The results of this study have some limitations due to the nature of the experiments. A singular evaluator was responsible for assigning qualitative scores and another evaluator’s opinion could differ. The study could also be expanded to a greater number of prompts and VDRs utilized to track result consistency over differing industry and due diligence use cases. The final scoring methodology places strong weight on qualitative score and may vary if weights are adjusted to emphasize speed. It is important to note that at any given point, all these LLMs are subject to unannounced changes from their providers that may impact how the models behave. These results were derived from the most current models and can be shifted pending modifications.
Based on our multi-dimensional testing across diverse financial due diligence scenarios, Claude Sonnet 4 emerges as the most capable and reliable model for private equity workflows. Compared to both GPT 4.1 and Gemini 2.5 Pro Preview, Claude demonstrated consistent superiority across core evaluations.
Claude Sonnet 4 delivered the strongest qualitative performance, with exceptional scores in relevance, accuracy, reasoning, and industry applicability. Its ability to synthesize detailed financial analysis, flag data limitations, and build structured reasoning chains positions it as the closest analog to a skilled human analyst. Its ability to draw logical inferences from incomplete data and to reframe prompts analytically also sets a new standard for our offerings in AI-driven diligence.

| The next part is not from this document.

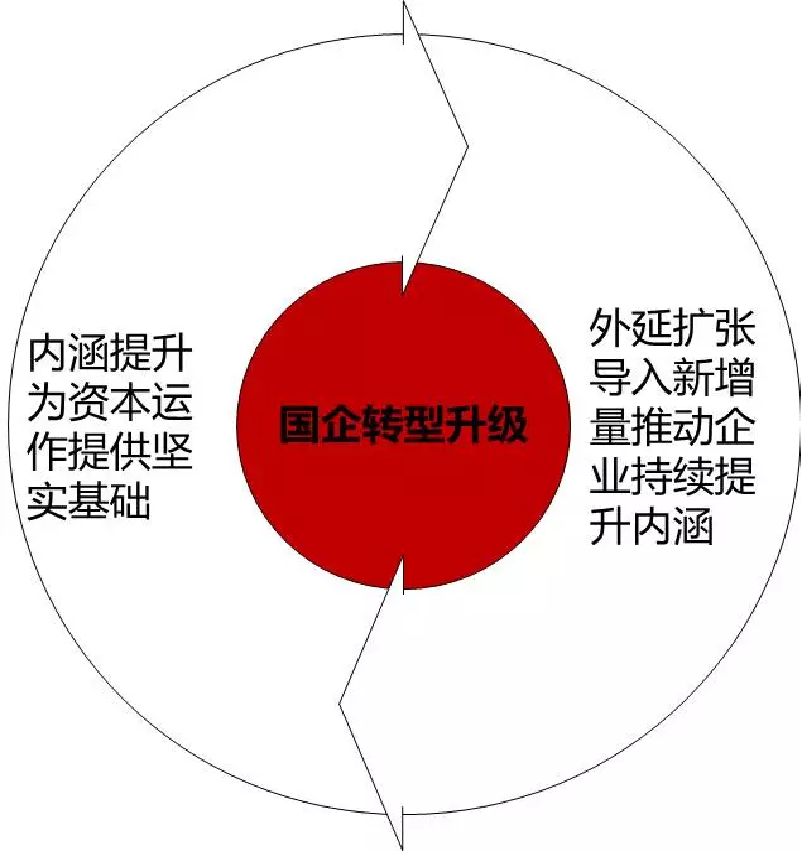 破解上述五方面难题有三种选择途径:1.内涵式提升。通过引入职业经理人、战略规划、业务调整、组织设计、制度优化等手段依次改善每个问题缓慢推动国企转型升级;2.外延式发展🛃。通过借助资本市场的力量迅速开展投资并购等资本运作拓展业务领域进入新产业🔵,以增量化解存量问题👩‍❤️‍💋‍👩🐋;3.结合式互动。不断提升企业治理水平🎑,与此同时基于企业的产业战略展开外延式资本运作🌡。
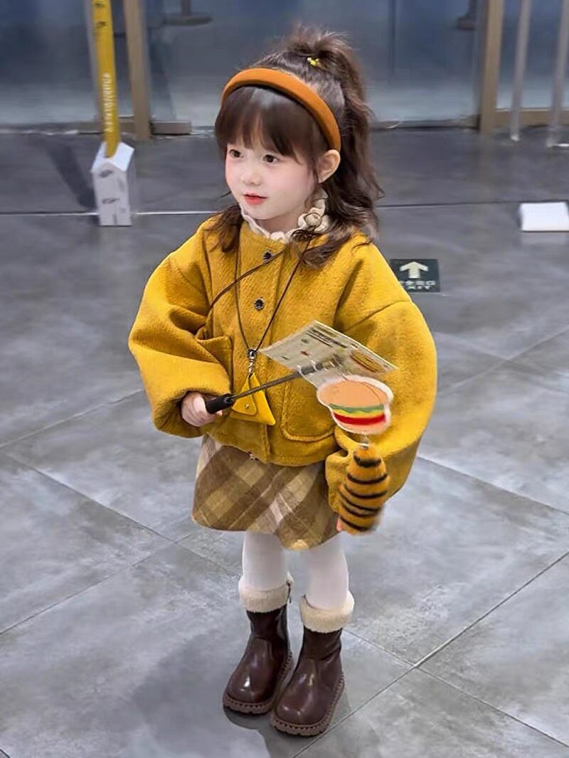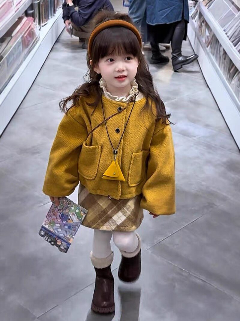 原创设计2026冬季新款洋气女童小香风加绒开衫外套格子半身裙套装

Further, its ability to maintain a high information density score validated by qualitative scores while with notably shorter outputs than its peers strike a positive balance between conciseness and depth. Unlike Gemini, which suffered from generic and verbose outputs, or GPT, which leaned more descriptive than evaluative, Claude consistently offered analytical commentary, relevant context, and precise data usage rapidly. This results in higher quality first drafts, reduced revision time, improved confidence in AI-supported investment analysis, and ultimately drives faster decision making.
As such, Claude’s performance meaningfully enhances analyst productivity, raises the bar for insight generation, and minimizes the risk of oversight in complex financial investigations. Users can expect ongoing performance improvements as Anthropic continues advancing Claude’s capabilities, with Claude Sonnet 4 already establishing itself as a cornerstone tool in modern private equity diligence.
While Gemini 2.5 Pro Preview demonstrated significant potential through its superior source utilization capabilities, its current outputs do not yet meet the analytical rigor and precision required for private equity due diligence. We will continue to evaluate future iterations as Google optimizes this promising foundation. Both Claude Sonnet 4 and GPT 4.1 are currently available in ToltIQ's due diligence platform. Based on our testing, we recommend Claude Sonnet 4 for tasks requiring deep analytical reasoning and comprehensive source analysis, while GPT 4.1 remains valuable for rapid, well-structured initial assessments. Gemini, while showing potential, is not yet recommended for client use.